When the call above is executed in the example code, it will print the following to the terminal:
```
Analysed flow-graph
Optimised memory map.
Generated constructor
Generated inference method.
Generated data header.
Complete
```
### Integration with a Simple C++ Project
After the `mnist_train_and_export.py` script has been successfully executed and the C++ files described
above generated then we are ready to build this code into a larger project. A simple example
project is included in the directory `cpp_project`. The `test_mnist.cpp` source file contains the entry point for
the application and everything necessary to execute inference model:
```cpp
/*----------------------------------------------------------------------------------
Simple example integrating the c++ MNIST classification inference model
generated by TFMin with an application
----------------------------------------------------------------------------------*/
#include <iostream>
#include "mnist_model.h"
#include "example_mnist_input.h"
int main()
{
// Instantiate mnist inference model object
MNISTModel mnist;
// Create single threaded executionEigen device
Eigen::DefaultDevice device;
std::cout << "Running inference model." << std::endl;
float *input = (float*)exampleInputDataHex;
float output[10];
mnist.eval(device, input, output);
std::cout << "Completed output was." << std::endl;
for (int i=0; i<10; ++i)
std::cout << "[" << i << "] = " << output[i] << std::endl;
return 0;
}
```
Now lets break this code down.
```cpp
#include "mnist_model.h"
#include "example_mnist_input.h"
```
The first local include adds the header for the generated MNISTModel object that was generated
by the python code earlier, **note** the relative path `../tfmin_generate` needs to be passed to the
compiler for this to build successfully.
The second local include defines an example input matrix for the MNIST classifier containing a seven.
```cpp
// Instantiate mnist inference model object
MNISTModel mnist;
// Create single threaded executionEigen device
Eigen::DefaultDevice device;
```
Now the objects required to perform the inference are created, an instance of the MNISTModel object
generated by the python code, and an Eigen default device object. This instructs the Eigen library
to use a single thread to execute tensor operations.
```cpp
std::cout << "Running inference model." << std::endl;
float *input = (float*)exampleInputDataHex;
float output[10];
mnist.eval(device, example_input, output);
```
Now we can perform the inference itself using the `eval()` method of the MNISTModel object.

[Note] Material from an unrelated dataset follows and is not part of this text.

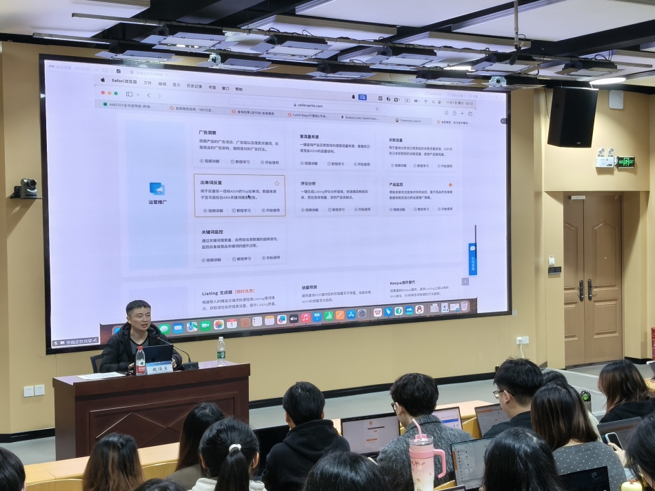 此次授课围绕跨境电商的定义、优势、市场调研、选品实训四大模块展开。魏侠来通过系统介绍阿里巴巴、amazon、Shopee等主流平台,解析B2B、B2C、C2C等典型模式,结合数据阐释行业四大优势,帮助学生搭建对跨境电商的认知框架;随后,聚焦市场调研,结合实例讲解选品的底层逻辑、注意事项、误区与陷阱、过程评估重点及选品方法,并通过互动环节强化了学生对营销、转化与数据化运营的岗位认知。

We need to pass the Eigen device object, a pointer to the example input defined in `example_mnist_input.h`
and a pointer to an output buffer.
The example data has been defined as an int array using hex literals, these actually represent
32 bit floating point values but have been represented like this to avoid any loss of precision when
converting to and from decimal representation. This is why the input data needs to be cast to a float pointer.
```cpp
std::cout << "Completed output was." << std::endl;
for (int i=0; i<10; ++i)
std::cout << "[" << i << "] = " << output[i] << std::endl;
```
Finally we print out the results of the inference operation. Assuming that the model trained
correctly when it was generated by the python script then the highest value printed should be
in the seventh row corresponding to the correct digit of seven, as shown below (Actual values will
vary based upon training).
```
Running inference model.
Completed output was.
[0] = -0.111315
[1] = -0.948662
[2] = 4.31211
[3] = 3.83368
[4] = -5.44246
[5] = -5.67521
[6] = -13.4396
[7] = 13.9334
[8] = -2.29676
[9] = 1.56804
```
### Building and Running the C++ Project
The example code described above can be built using the included Makefile, or you can use the
following direct call to g++
```
g++ -std=c++11 -O3 -o native_test test_mnist.cpp ../tfmin_generated/mnist_model.cpp -I ../tfmin_generated/
```
Firstly `-std=c++11 -O3` tells the compiler to use the c++ 11 standard and full optimisation (which is important to get
the best out of the Eigen library).
Next `-o native_test test_mnist.cpp` defines the output binary and entry point source described above.
Then `../tfmin_generated/mnist_model.cpp` compiles the MNISTModel object which was generated by the python script.
Finally `-I ../tfmin_generated` adds this directory to the includes path so that our entry point code can find the
`mnist_model.h` header file.
### Summary
This tutorial should have explained how to integrate the TFMin code generator into an existing python
TensorFlow script, generate a C++ version of a model and integrate it into a simple project. Next we will
look at generating additional methods to automatically analyse the generated model.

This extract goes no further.